# Scene of the Music



## Rondo

Here's a neat idea for a game, and I certainly hope it doesn't end up being overly difficult :lol: . It probably will. It is a variant of a game many of you have probably played, called Scene it. The rules are simple: insert an image of a scene from a film in which a particular piece of music is being played or performed. The idea of the game is to identify the piece being played or performed during that particular scene. You may also include the title of the film (up to you, as imdb.com provides a pretty exhaustive list of a film's music for any good guesser), corresponding dialogue or narrative (which could be very helpful without giving anything away). The only restictions I would add at this point would be that the music in question not be part of the original soundtrack/score of the film; it shouldn't be a piece which was composed specifically for the film itself.
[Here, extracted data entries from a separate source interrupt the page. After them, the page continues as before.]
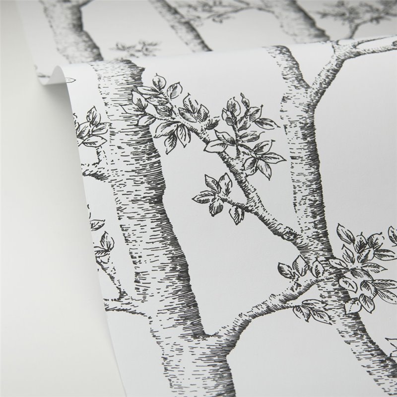 Papel pintado árboles en otoño tipo grabado minimalista. Caselio Balade, papel de pared calidad tejido no tejido lavable. Medidas: 53 cm x 10 metros
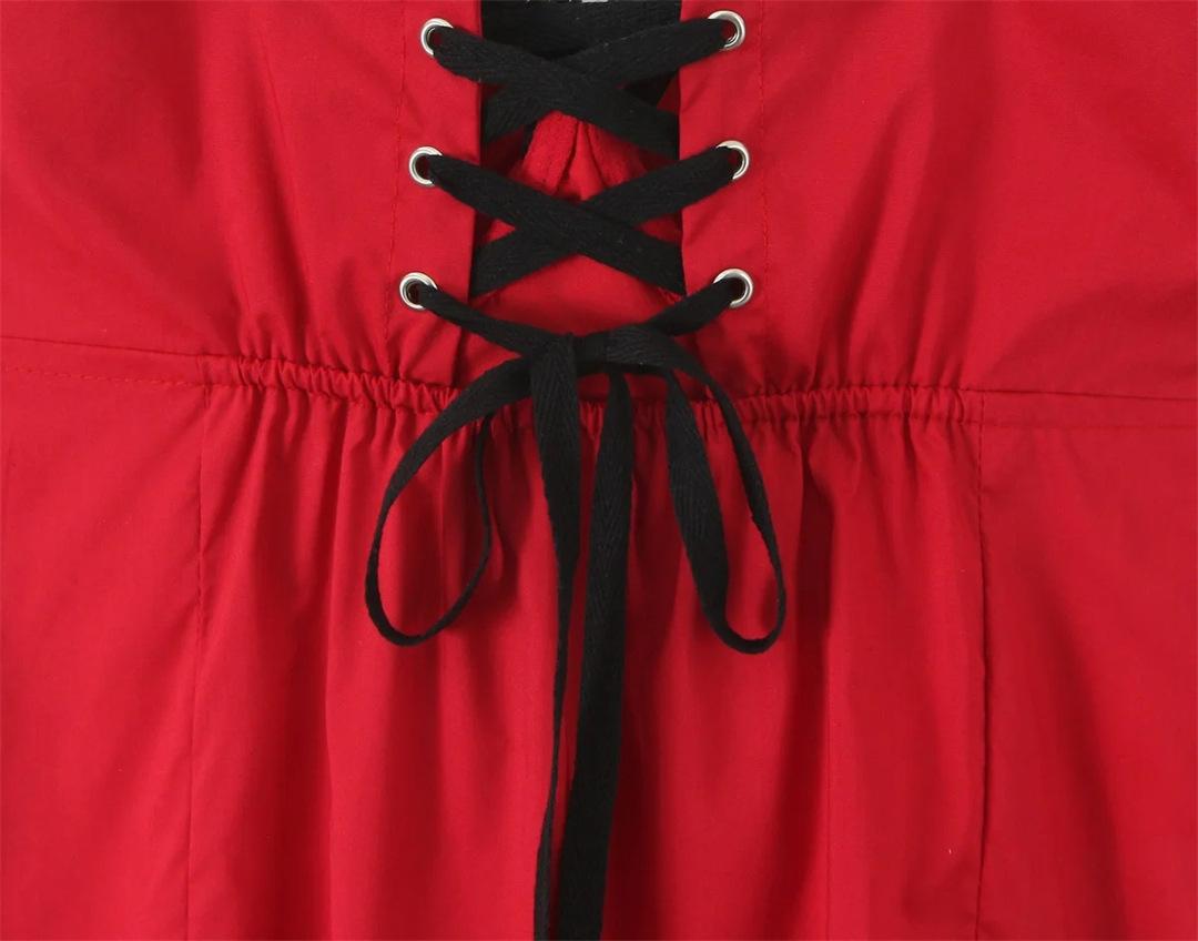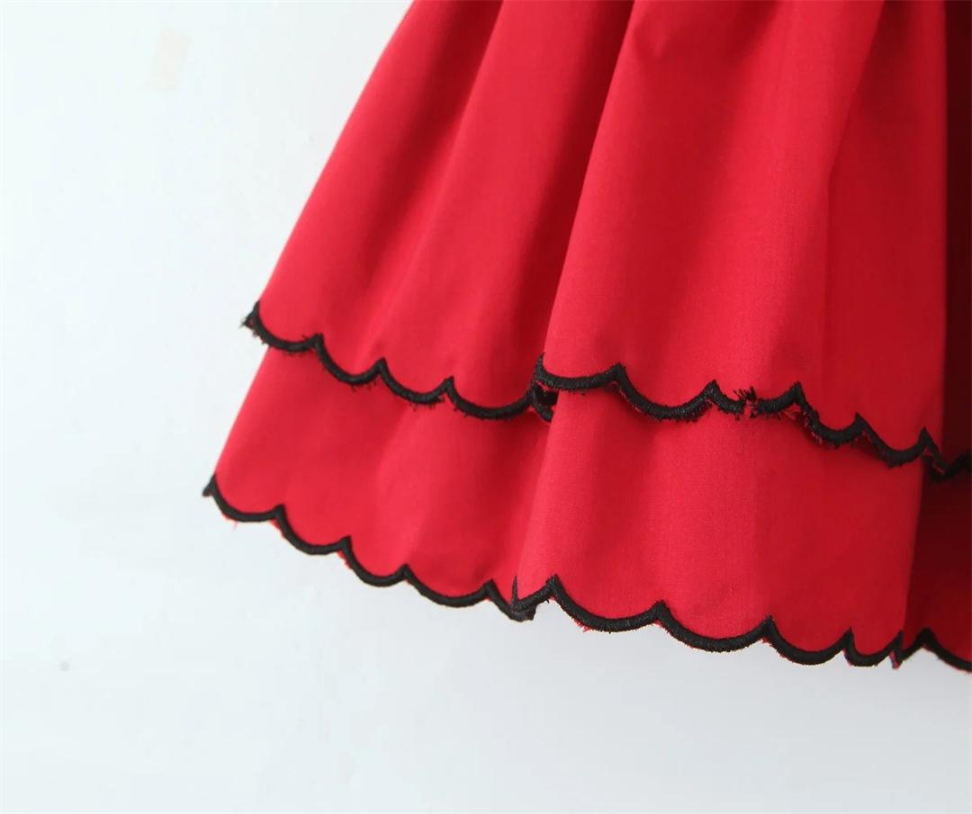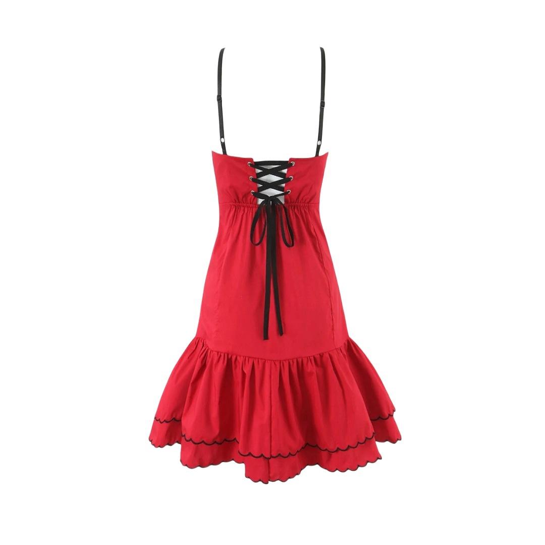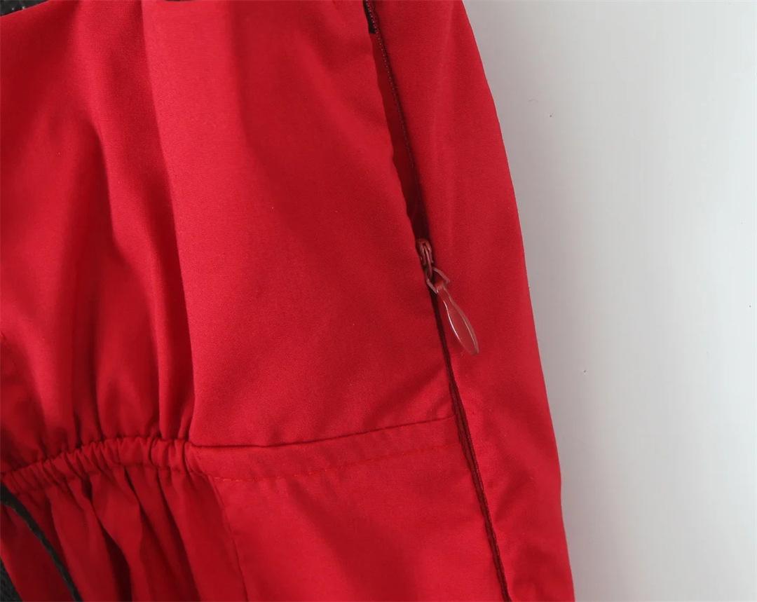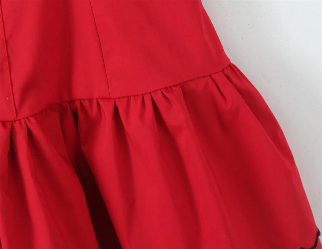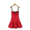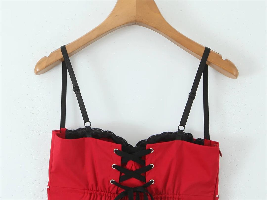 Estilo Europeo y Americano Cuello de Encaje Color Contrastante Diseño de Vestido con Tirantes Puntadas de un Solo Botón Plisado en Capas Falda Slim
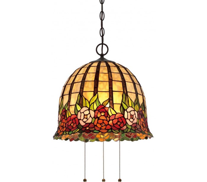 Rosecliffe pendellampe i et smukt Tiffany design, fremstillet med ramme i mørk bronzepræget keramik og skærm i farvet glas. Loftlampen måler 38,1 cm i diameter og anvender 3 x E27 lyskilder, max. 100W. Der kan anvendes LED lyskilder.
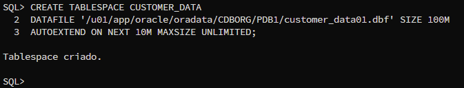 DATAFILE '/u01/app/oracle/oradata/CDBORG/PDB1/customer_data01.dbf' SIZE 100M
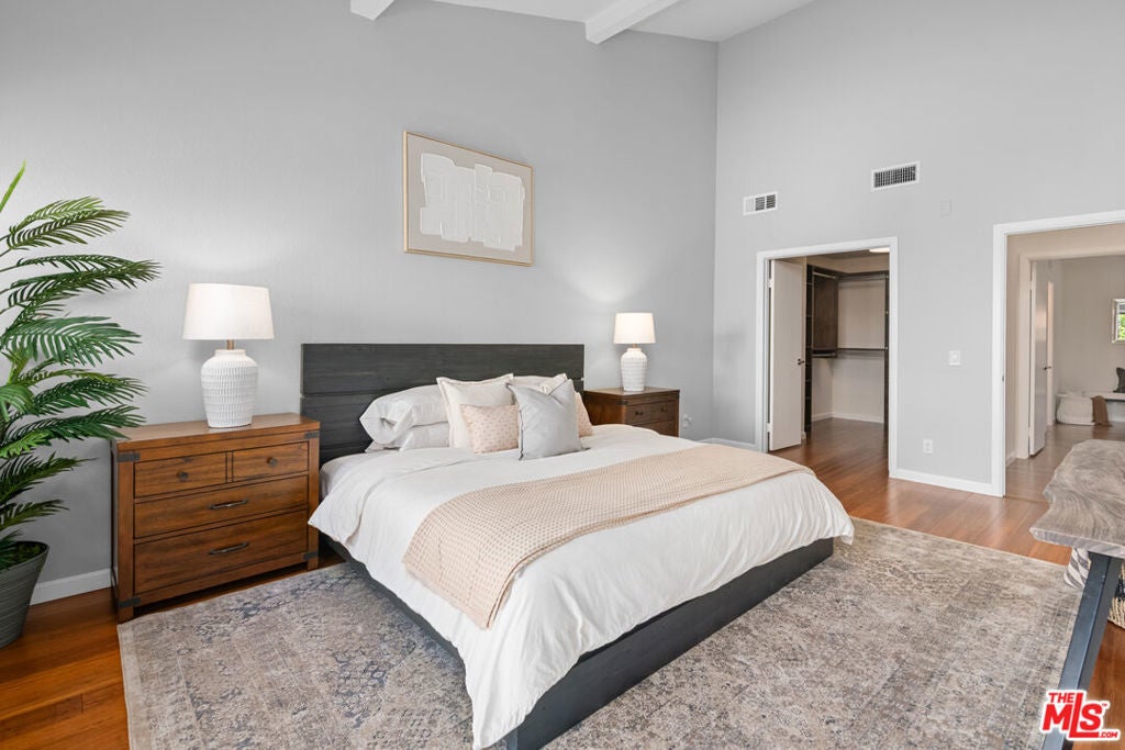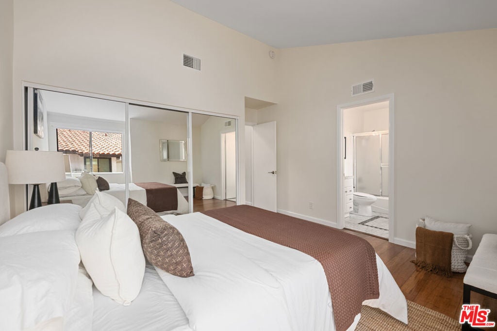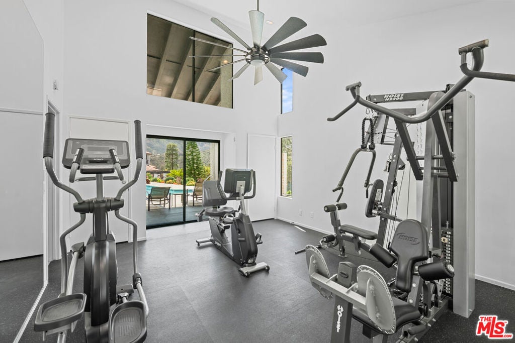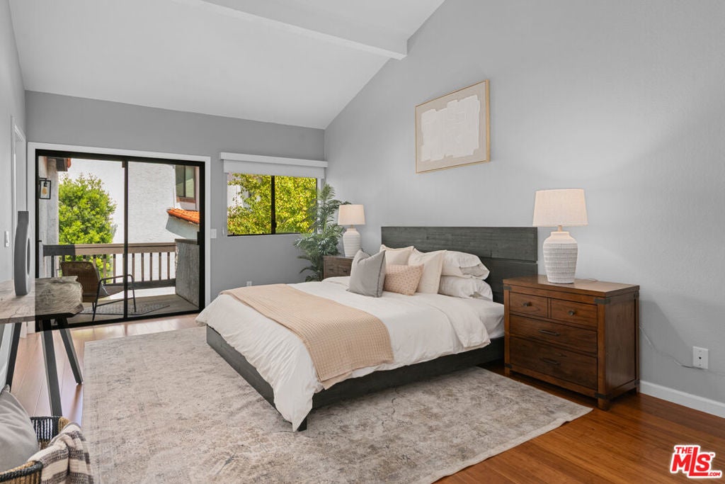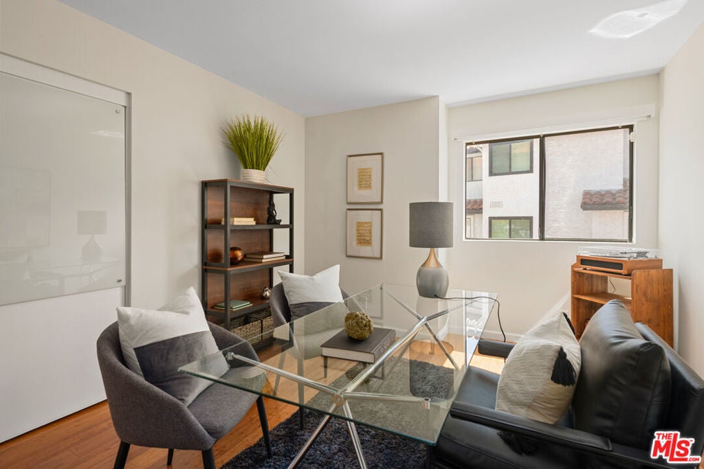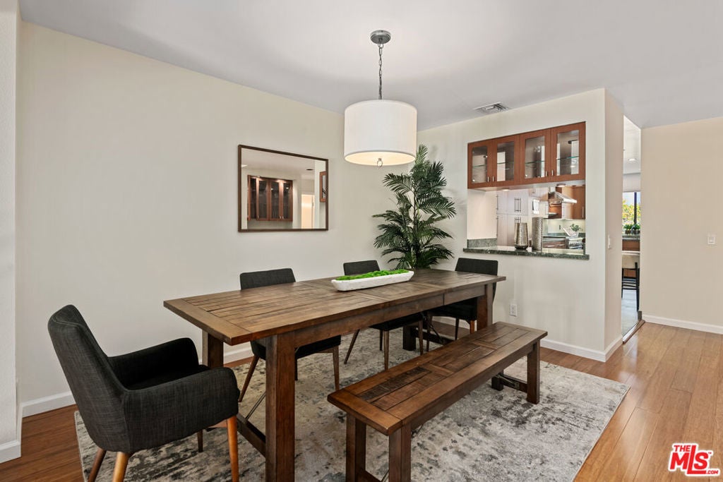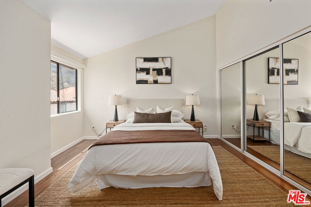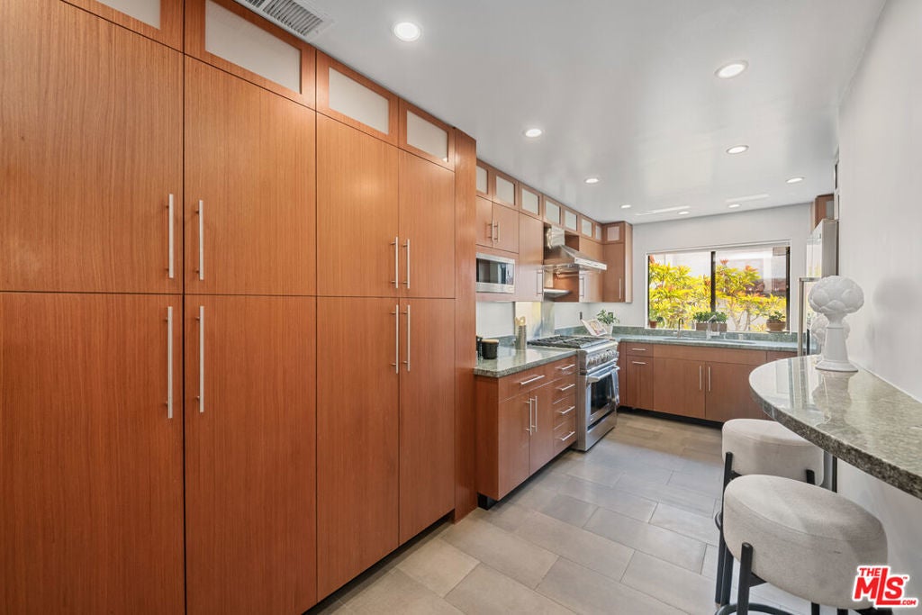 Step into this beautifully designed home featuring an inviting open floor plan that seamlessly integrates the living room with high ceilings, a striking rock stone fireplace, bamboo flooring and an al fresco dining area perfect for entertaining. The spacious dining room boasts elegant glass railings and a stylish bar that leads to a gourmet kitchen, complete with dramatic mood lighting, stainless steel appliances, granite countertops, and custom "pull out" shelving cabinetry. Enjoy the convenience of a built-in microwave, a deep "D" sink, two wine chillers, cozy breakfast bar that are all seated on beautiful ceramic floors. The main level features an exclusive private office or 3rd bedroom that offers complete privacy from upstairs life. A central skylight bathes soft light onto the stunning upstairs mahogany bookcase then gently pours that light down through the glass railed stairwell to the dining area. The luxurious primary bedroom is a true retreat, equipped with a thoughtful designed custom walk-in closet and private balcony that provides relaxing garden greenbelt and mountain views. The master bath features double sinks and large spa tub that offer a serene escape. The second bedroom, also on the upper level, includes an updated bath providing comfort and style. Additional highlights of this freshly painted exceptional home include bamboo wood floors, tankless water heater, epoxy floor in the garage and comprehensive security system. The outdoor space is equally impressive featuring a spacious entertainers patio with privacy hedging perfect for socializing with family and friends. Just up the path is a sparking swimming pool framed by a mountainous landscape featuring a spa, gym, and sauna for ultimate relaxation and recreation. Enjoy the security of a spacious 2 car garage with direct access and adjacent dedicated laundry area with ample cabinet space. There is additional utility in an under the home storage area access door. This residence also provides exclusive entry to a unique private park featuring dog-friendly zones, a playground, and expansive grassy areas, all located just minutes from the beach and picturesque local hiking paths that meander endlessly through the Santa Monica Mountains. Seize the chance to make this beautiful home yours! Fireplaces are considered decorative; therefore, the seller will not provide any repairs or credits.

And, lastly, *please omit/avoid any bad language and/or blatantly lewd, violent or otherwise inappropriate scenes.*

I'll kick it off with two:

1)










2)
" _I tell you, those voices soared higher and farther than anybody in a gray place dares to dream. It was like some beautiful bird flapped into our drab little cage and made those walls dissolve away, and for the briefest of moments, every last man in Shawshank felt free."
_









(For those who don't know already: if using Google avoid including the entire text of the link for the pop-up image, which includes the source code for your search--IT WILL NOT WORK! Include the actual source url of the image beginning after "http://www.google.com/imgres?imgurl=" and ending in .jpg, etc... ).


----------



## linceed87

the first one is clair de lune beethoven of my inmortal beloved, the seconde one is le nozze di figar mozart of shawshank redemption, maria callas i think.


----------